Tradisi Kenduri Suran Tetap Hidup di Masyarakat Bakungan

  • 28 Jun 2026 18:34 WIB
  •  Yogyakarta

RRI.CO.ID, Sleman - Warga masyarakat Bakungan salah satu daerah di Sleman Barat, kembali melaksanakan tradisi Kenduri Suran sebagai warisan budaya yang masih lestari. Kegiatan tersebut berlangsung khidmat dengan diikuti oleh warga lingkungan sekitar sebagai bentuk kebersamaan dan rasa syukur menyambut Tahun Baru Islam.

Tradisi Kenduri Suran dipimpin Bapak Asrori Siswanto yang bertugas sebagai Kaum dalam berbagai kegiatan adat masyarakat setempat. Kehadiran beliau menjadi bagian penting untuk menjaga keberlangsungan adat, budaya, maupun tradisi yang masih dilestarikan warga hingga kini.

Pelaksanaan Kenduri Suran dipusatkan di rumah Mbah Kardi yang dikenal sebagai salah seorang sesepuh masyarakat Bakungan. Rumah tersebut menjadi lokasi berkumpul warga untuk berdoa bersama serta mempererat hubungan sosial masyarakat sekitar.

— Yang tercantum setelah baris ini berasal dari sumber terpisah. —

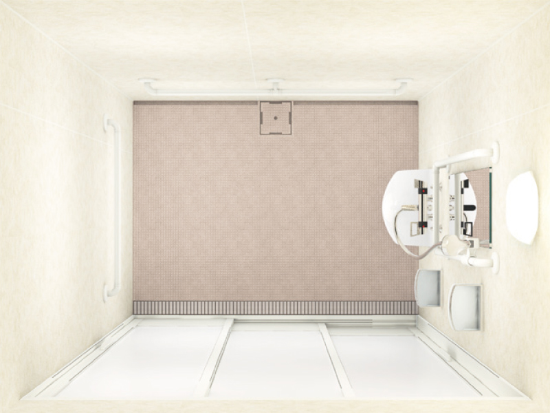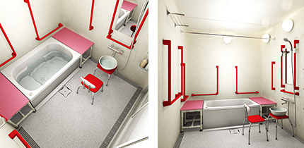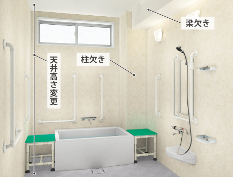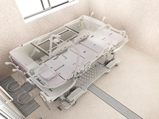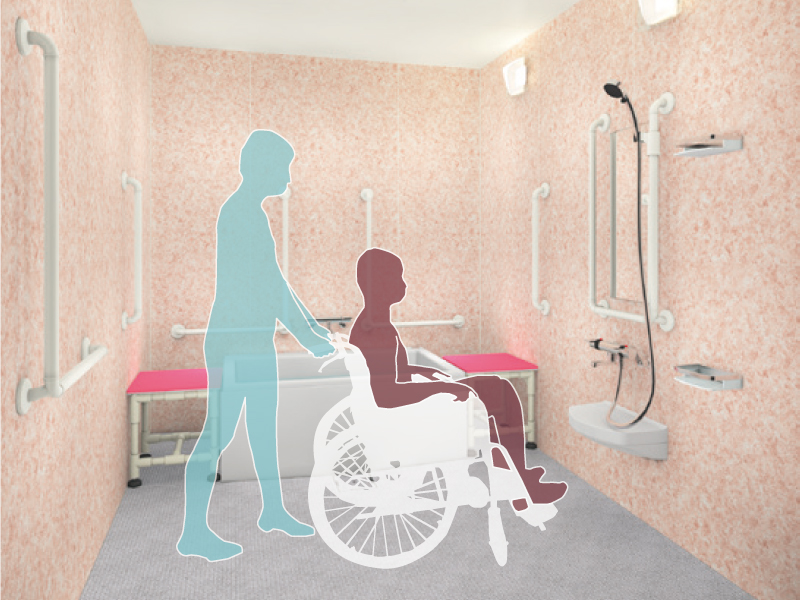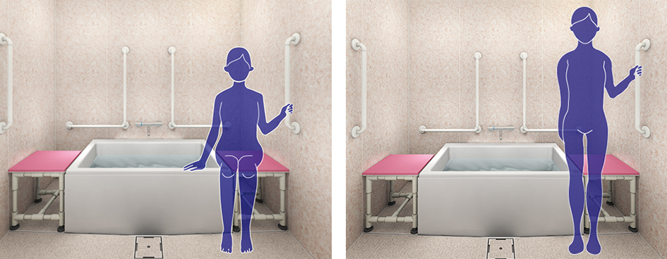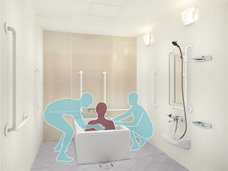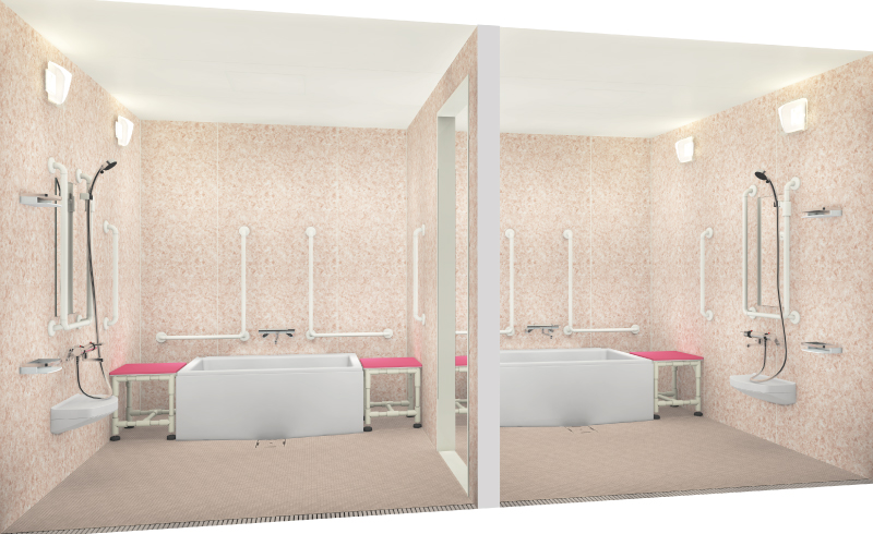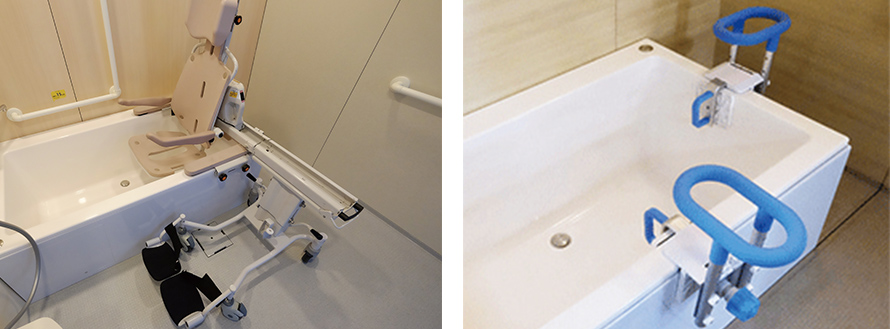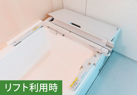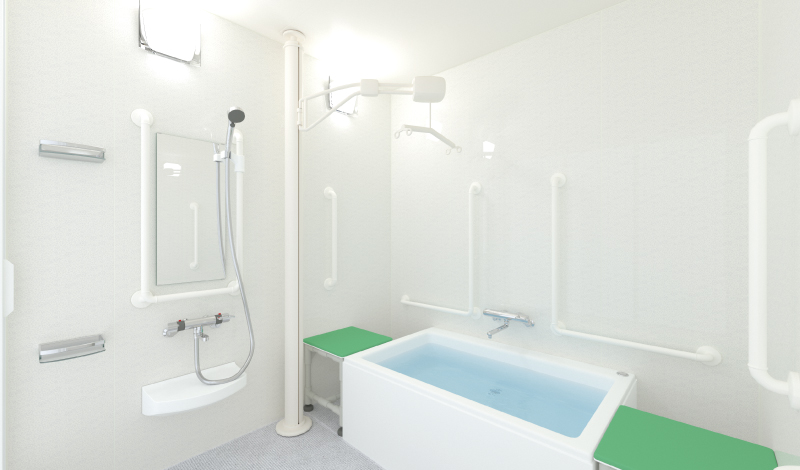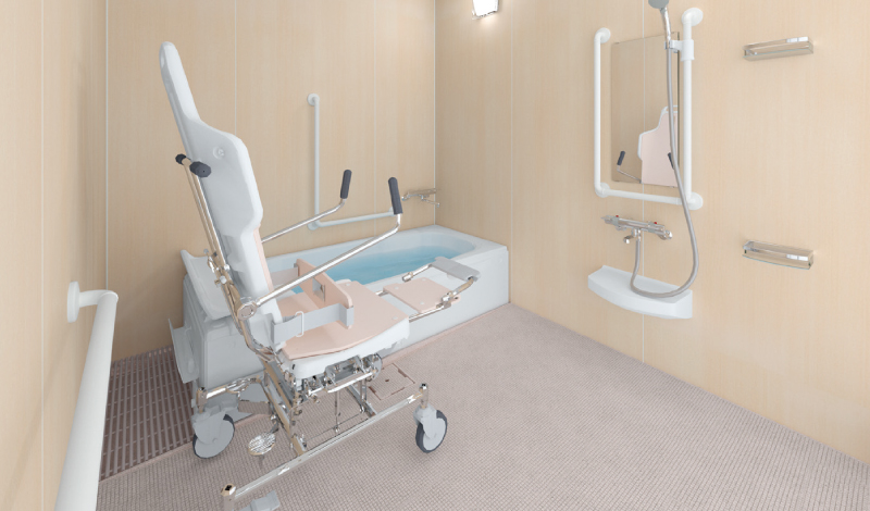 標準浴槽は、いうら社リフト付シャワーキャリーLS-300/LS-500の設置にも対応しています。
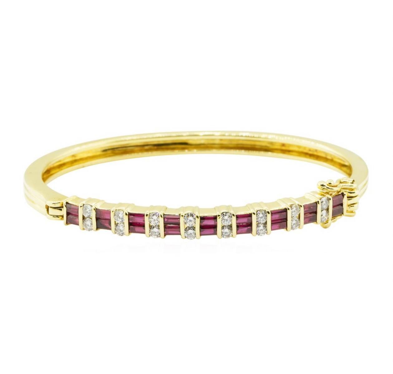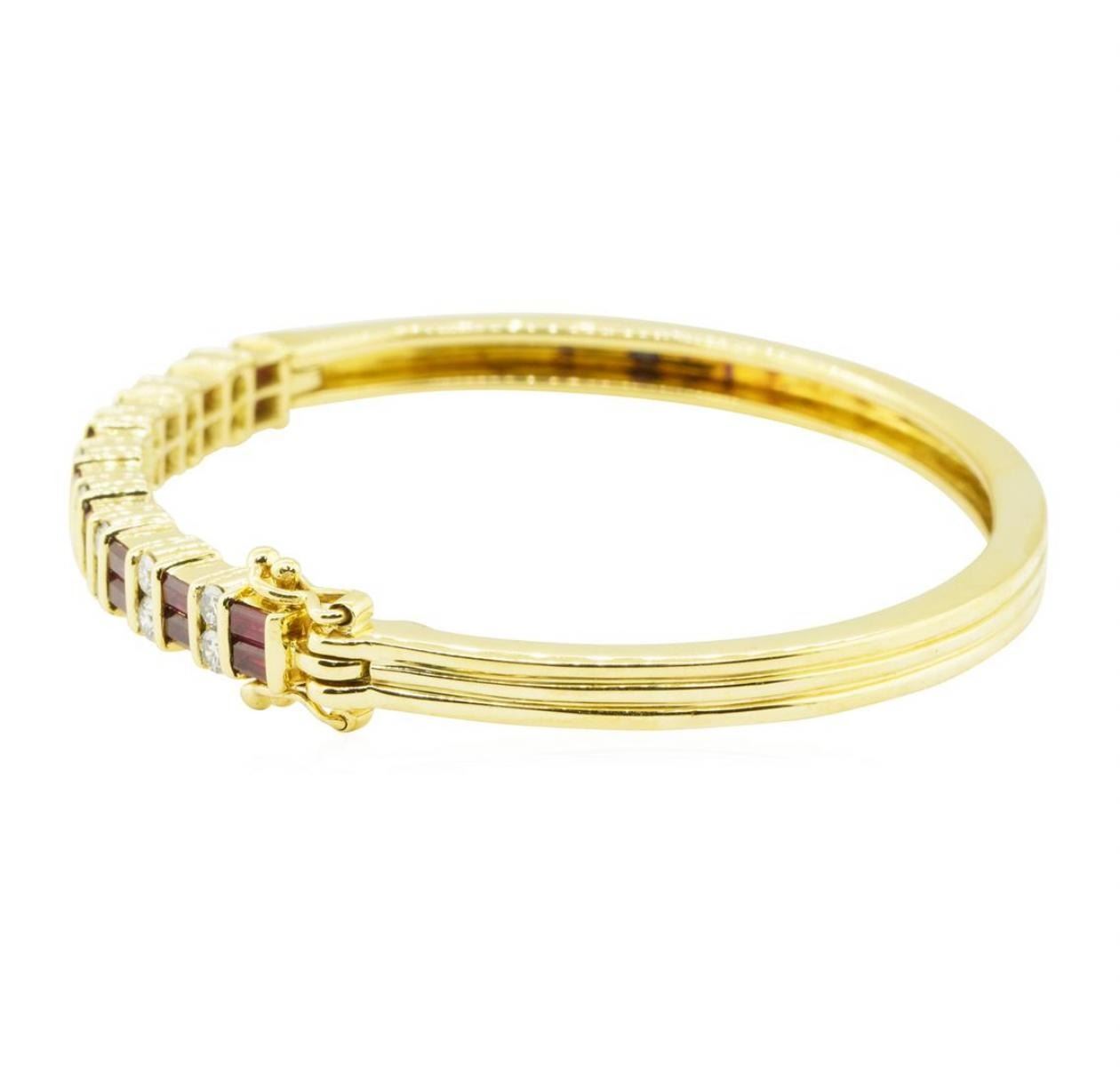 One electronically tested 18KT yellow gold lady's combination cast & assembled fashion bangle bracelet with a tongue clasp with double foldover safeties with a straight line motif with a bright polish finish. The featured lady's bracelet has a width of 4.40 millimeters and a circumference of 6.5 inches. Trademark is gem lok. Condition is new, good workmanship. Containing: Eighteen channel set baguette standard step cut natural rubies, measuring 3.10 x 1.75 x 1.14mm, (depth est.) approximate total weight of 1.26ct., clarity is eye clean, medium, strong, slightly purplish red color, (GIA slpR 5/5), cut is very good. Transmitting light with no distortion, transparent. Colored gemstones are presumed to have been subjected to commonly used enhancement processes. Graded in the setting. Sixteen channel set round brilliant cut diamonds, measuring 2.35 - 2.30 x 1.44mm (depth est.) approximate total weight of 16 Stones = 0.80ct. Graded in the setting. Color F - G Clarity VS-1 to VS-2 Cut Excellent. Total Weight of Colored Stones 1.26ct.. Total Weight of Diamonds 0.80ct.. Total Weight of Bracelet 25.40gm GAS Appraised at $8500.00. GAS Appraised.

Kegiatan dilaksanakan pada Rabu, 24 Juni 2026 (9 Sura) tepat pukul 16.00 WIB, sore hari menjelang pergantian hari menurut perhitungan Jawa. Waktu tersebut dipilih sebagai momentum memasuki tanggal 10 Sura yang memiliki makna penting bagi keyakinan warga masyarakat.

Masyarakat mengikuti rangkaian kenduri dengan penuh kekhidmatan sebagai ungkapan syukur atas nikmat kehidupan yang diberikan. Rasa syukur digambarkan dengan berkat atau makanan yang dibawa oleh masing-masing warga dengan wujud makanan hasil bumi maupun lauk pauk yang dimakan setiap harinya.

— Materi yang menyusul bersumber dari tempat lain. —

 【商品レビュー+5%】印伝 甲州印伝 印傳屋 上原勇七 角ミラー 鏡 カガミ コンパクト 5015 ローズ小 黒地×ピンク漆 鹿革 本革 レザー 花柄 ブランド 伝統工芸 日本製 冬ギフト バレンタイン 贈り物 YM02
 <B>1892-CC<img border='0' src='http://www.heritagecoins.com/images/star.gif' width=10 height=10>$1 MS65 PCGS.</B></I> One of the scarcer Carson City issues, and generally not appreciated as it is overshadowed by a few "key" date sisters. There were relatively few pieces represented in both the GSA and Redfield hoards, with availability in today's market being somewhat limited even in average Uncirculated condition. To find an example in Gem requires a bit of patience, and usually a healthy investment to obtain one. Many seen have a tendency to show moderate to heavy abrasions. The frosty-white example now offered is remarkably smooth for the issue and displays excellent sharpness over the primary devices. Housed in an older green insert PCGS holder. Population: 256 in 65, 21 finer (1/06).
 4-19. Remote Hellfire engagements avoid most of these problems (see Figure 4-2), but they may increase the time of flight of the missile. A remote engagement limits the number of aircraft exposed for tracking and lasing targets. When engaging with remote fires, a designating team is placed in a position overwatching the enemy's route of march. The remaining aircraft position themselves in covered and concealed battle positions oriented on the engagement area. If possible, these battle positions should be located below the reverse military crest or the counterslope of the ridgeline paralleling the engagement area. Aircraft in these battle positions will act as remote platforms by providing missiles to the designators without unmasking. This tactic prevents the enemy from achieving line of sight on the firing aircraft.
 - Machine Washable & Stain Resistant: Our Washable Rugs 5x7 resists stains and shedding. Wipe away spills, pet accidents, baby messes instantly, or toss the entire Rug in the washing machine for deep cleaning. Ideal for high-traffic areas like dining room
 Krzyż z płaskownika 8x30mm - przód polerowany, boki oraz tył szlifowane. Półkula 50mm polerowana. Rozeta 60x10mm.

Selain doa bersama, warga juga mendapatkan penjelasan mengenai latar belakang sejarah pelaksanaan Kenduri Suran tersebut. Penjelasan disampaikan sebelum acara dimulai agar masyarakat memahami makna tradisi yang terus diwariskan secara turun-temurun.

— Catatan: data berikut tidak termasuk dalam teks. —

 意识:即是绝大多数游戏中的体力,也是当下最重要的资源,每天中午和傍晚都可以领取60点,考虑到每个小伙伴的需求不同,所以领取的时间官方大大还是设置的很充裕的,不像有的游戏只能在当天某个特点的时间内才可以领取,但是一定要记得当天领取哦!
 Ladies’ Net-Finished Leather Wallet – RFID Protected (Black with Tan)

Menurut penuturan Asrori, tradisi tersebut merupakan naluri kebudayaan Jawa yang diajarkan oleh para Wali Sanga. Nilai utama yang terkandung didalamnya adalah mengajak masyarakat senantiasa untuk bersyukur kepada Allah SWT. sepanjang kehidupan berlangsung.

“Tradisi ini merupakan naluri kebudayaan Jawa yang diajarkan Wali Sanga dengan tujuan mengucapkan rasa syukur kepada Allah SWT. Kami melaksanakan Kenduri Suran pada 10 Muharram karena banyak peristiwa para nabi terjadi tanggal tersebut,” ujar Asrori Siswanto sebelum memulai kenduri bersama warga.

Pemilihan tanggal 10 Muharram atau 10 Sura juga berkaitan dengan berbagai peristiwa penting dari para nabi terdahulu. Keyakinan tersebut menjadikan momentum Bulan Sura sebagai waktu tepat memperbanyak doa serta rasa syukur kepada Tuhan. (Gilang Kinantyo Rahmat)

Rekomendasi Berita

Berita Terbaru Lainnya

Memuat berita terbaru.....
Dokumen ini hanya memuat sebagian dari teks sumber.